Japanese underwear for men
Published: Feb 17, 2020
Fundoshi is the traditional Japanese undergarment for adult males, made from a length of cotton. Before World War II, the fundoshi was the main form of underwear for Japanese adult males. However it fell out of use quickly after the war with the introduction of new underwear to the Japanese market, such as briefs and boxer briefs. Nowadays, the fundoshi is mainly used not as underwear but as matsuri (festival) clothing at Hadaka Matsuri (not celebrated in Okinawa Prefecture) or, sometimes, as swimwear.
TYPES AND METHODS OF DONNING
The fundoshi is first mentioned in the classic Japanese history text the Nihongi. They are also depicted on clay figures, haniwa. The fundoshi was the underwear of choice of every Japanese adult male, rich or poor, high or low status, until after the Second World War, when Americanization popularized elasticized underpants. There are several types of fundoshi, including rokushaku, kuroneko, mokko and etchu.

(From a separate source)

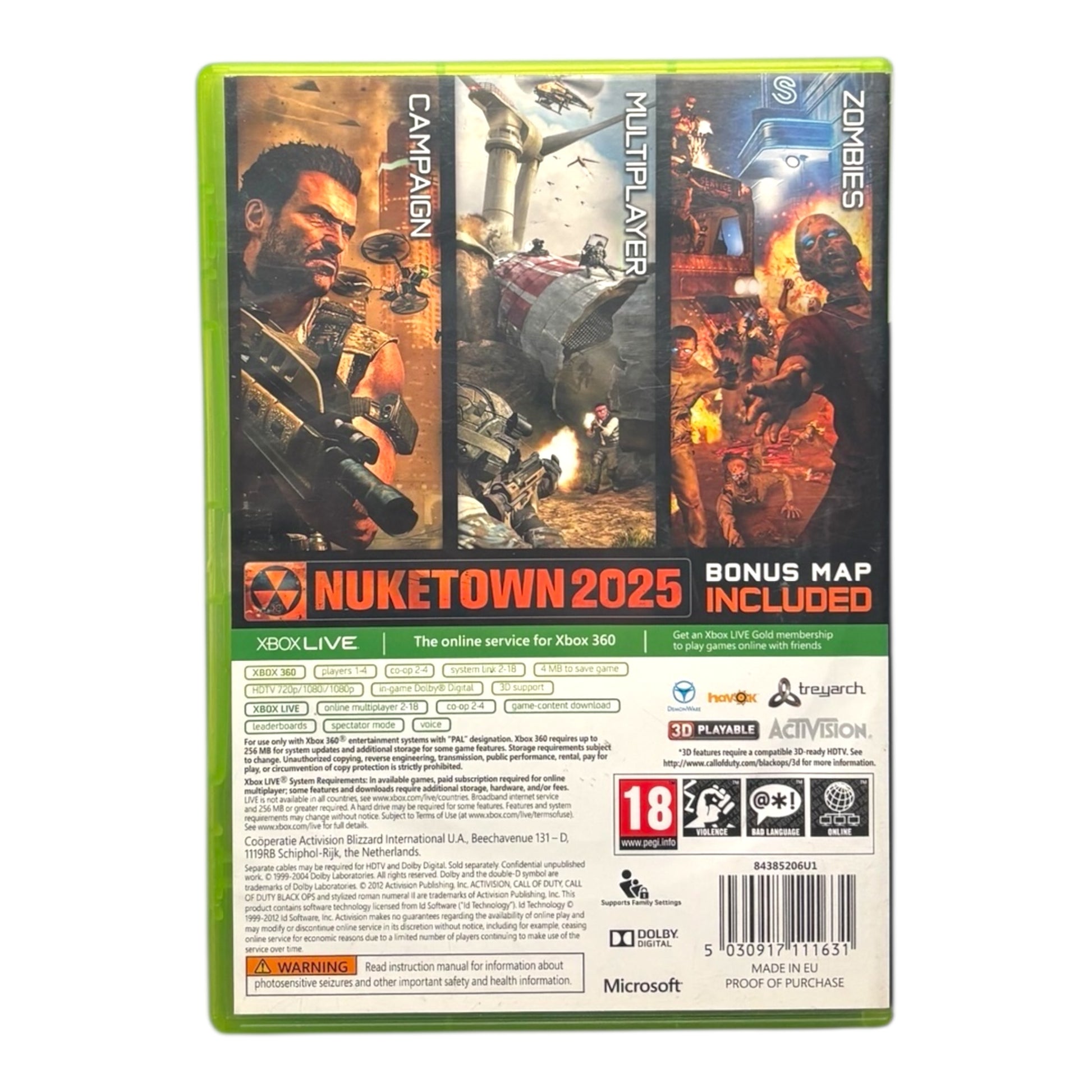 Call of Duty: Black Ops II tilt de franchise naar een nieuw niveau met een meeslepende campagne die zich zowel in het verleden als in de toekomst afspeelt. Spelers ervaren intense gevechten tijdens de Koude Oorlogsjaren en in futuristische conflicten rond het jaar 2025. Met keuzes die de loop van het verhaal beïnvloeden, uitgebreide multiplayer-modi en een vernieuwde Zombies-ervaring, staat Black Ops II bekend als een van de meest veelzijdige delen in de reeks.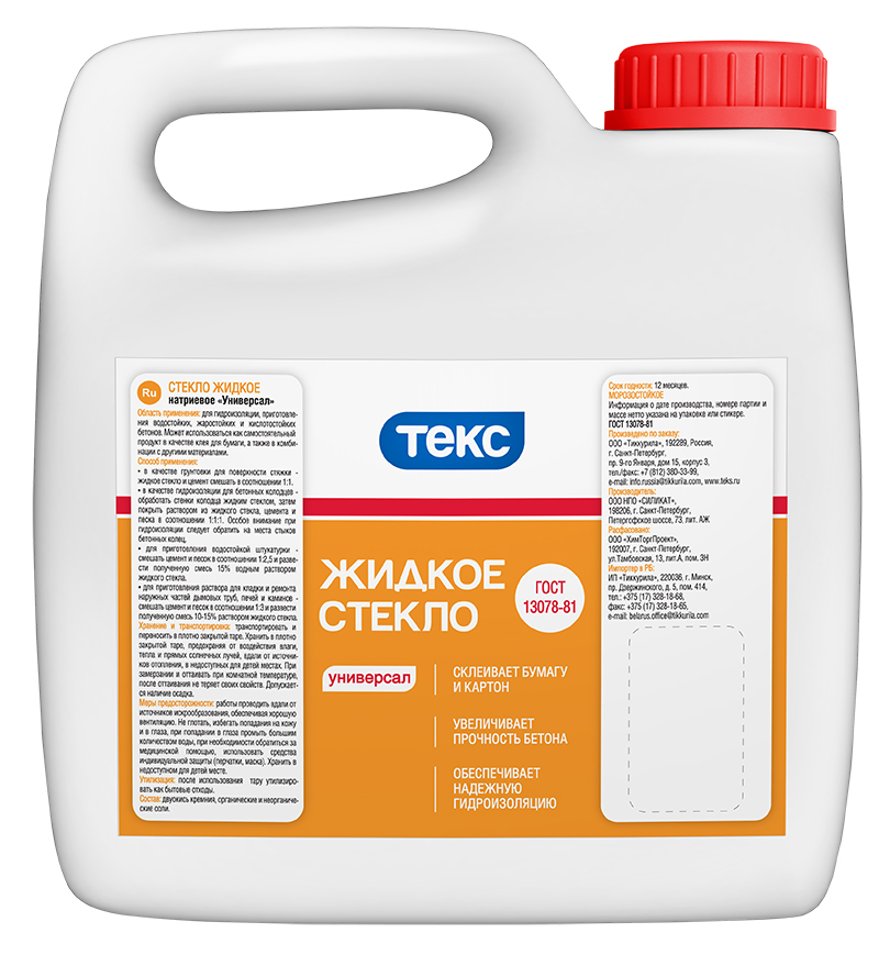 Стекло жидкое натриевое Текс 5 кг, используется для гидроизоляции, приготовления водостойких, жаростойких и кислотостойких бетонов. Увеличивает прочность бетона. Обеспечивает надежную гидроизоляцию санузлов, лоджий, подвалов, элементов фундаментов, коммуникаций и трубопроводов, работающих в условиях повышенной влажности. Склеивает бумагу и картон.

The fundoshi comes in several basic styles. The most relaxed type consists in a strip of cloth, wound around the hips, secured at the small of the back by knotting or twisting, with the excess brought forward between the legs, and tucked through the cloth belt in front to hang as an apron.
The second style, for people who are active, is formed when the cloth is wound around the hips so that there is an excess of apron, which is brought back again between the legs and twisted around the belt-cloth in back. The rokushaku fundoshi is a length of cloth, the dimensions being one shaku (34 cm / 14 inches) wide and six shaku (2.3 m / 92 to 96 inches) long; roku is Japanese for six, hence roku-shaku. It is the oldest form of fundoshi, and perhaps the most recognizable for many people. The fundoshi is often twisted to create a thong effect at the back.
It was also the standard male bathing suit. Male children learning to swim during the early 1960s were often told to wear this kind of fundoshi because a boy in trouble could be easily lifted out of the water by the back cloth of his fundoshi.
The third style, called Etchu fundoshi, which originated in the vicinity of Toyama Prefecture, is a long rectangle of cloth with tapes at one narrow end. Etchu fundoshi is a length of cloth, however it has a strip of material at the waist to form a fastening or string.
The dimensions are 14 inches width by about 40 inches length, and it is tied with the material strip in front of the body. One ties the tapes around the hips, with the cloth at the small of the back, and then pulls the cloth between the legs and through the belt, letting the remainder hang as an apron. Such fundoshi were issued to Japanese troops in World War II, and often were the sole garb of Allied POWs in tropic areas.
The best material for this is a white linen or white cotton. Silk crepe may be used according to one's taste, but plain silk is not suitable. In winter it may be lined with similar material, but in other seasons it is always single. Both ends (or front and back) are hemmed to put cords through. One of the cords forms a loop to suspend the front end from the neck, and the other secures the back end by being tied in the front. The length of the fundoshi is about 5 feet (5 shaku).
A fourth type of fundoshi is the Mokko fundoshi. It is commonly regarded as the most modern form of fundoshi underwear, and it is often worn by kabuki actors both in history and sometimes now, too. Many people class it as a sort of hybrid combination of other types of fundoshi garments. Which also resembles modern western-style sewn underwear.
The Mokko fundoshi is very easy to wear, unlike some of the other varieties mentioned. You just put it on and tie the strings on the side, and thatís it! You could say it is similar to a string bikini bottom!
There are many other varieties of fundoshi as there are many variations on the principle of a loincloth. For example, the mokko-fundoshi (literally "earth-basket loincloth" because it looks like the traditional baskets used in construction), is made like the Etchu-fundoshi but without a front apron; the cloth is secured to the belt to make a bikini effect. The kuro-neko fundoshi (literally "black cat fundoshi") is like the mokko-fundoshi except that the portion that passes from front to back is tailored to create a thong effect.
Fundoshi are not typically worn as everyday clothing.